VOLUNTARY organisations using the Social Return on Investment (SROI) model can too easily inflate the results to make their work look good.

According to a report from the Third Sector Research Centre (TSRC), SROI is also often being used to compare the results of work between organisations, despite the fact that the results are subjective and unique to each body.

SROI is just one method designed to measure the impact of the work of voluntary organisations, however, it has received particular attention and has been promoted by some third sector organisations, public and private bodies.

It involves attributing a financial value to inputs and outcomes, and calculating these as a ratio, so if the SROI is 3:1, it means that every pound invested in the organisation generates a social value worth three pounds.

The report notes that, while aiming for rigour, the method leaves a great deal of space for personal judgement.

This makes it possible to inflate the value created and may also lead to misunderstandings about how to interpret the SROI ratio.

Although auditing tools and procedures to help standardise the way SROI is calculated have been developed, attention needs to be paid to how the results of SROI are used.

The report said that using it as a comparative tool for organisations competing for contracts and funding, is risking the reputation of the method.

One of the main limitations of SROI is that it is difficult to compare results between organisations.

While recent SROI guidance warns against using it for comparative purposes, evidence shows that this is the main motivation for many organisations to use it.

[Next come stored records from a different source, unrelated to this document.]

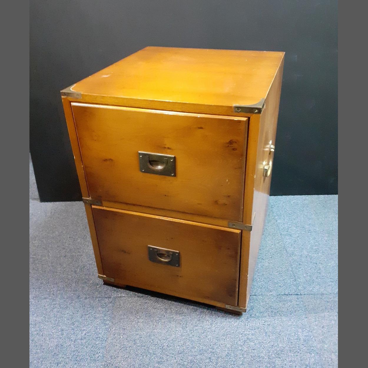 Campaign style two drawer side table with brass side handles and brass recesses handles to drawers. stylish and useful. Size 55cm x 46cm x 41cm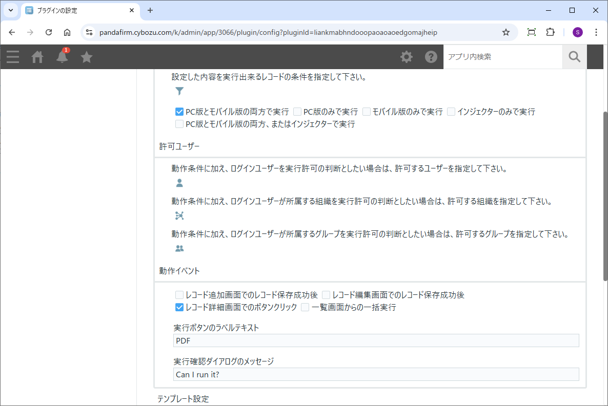 設定画面で指定したイベントにおいて、さらに指定した条件に合致すると、PDFが生成されます。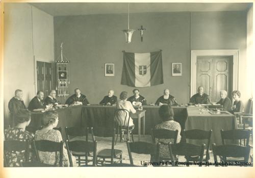 Venezia, Ca' Foscari: Istituto Universitario di Economia e Commercio (IUEC, oggi Università Ca' Foscari Venezia). Commissione di laurea formata da dieci docenti, tra i quali, al centro, il rettore Agostino Lanzillo esamina una giovane. Tre donne di spalle sedute nella platea.

Malin Arvidson from TSRC said: “SROI is likely to become an increasingly dominant approach to measuring the impact of voluntary organisations due to support from various parts of the public sector. But analysis of SROI raises important questions about why and how we measure impact.

“SROI arguably provides a powerful tool to help organisations illustrate the value they create in a language that those outside the sector understand.

“But we need to pay attention to how results are used, especially as there is a tendency to adopt it as a comparative tool. Furthermore, if it doesn’t help us to understand why change happens then it may not help organisations to improve or replicate interventions.”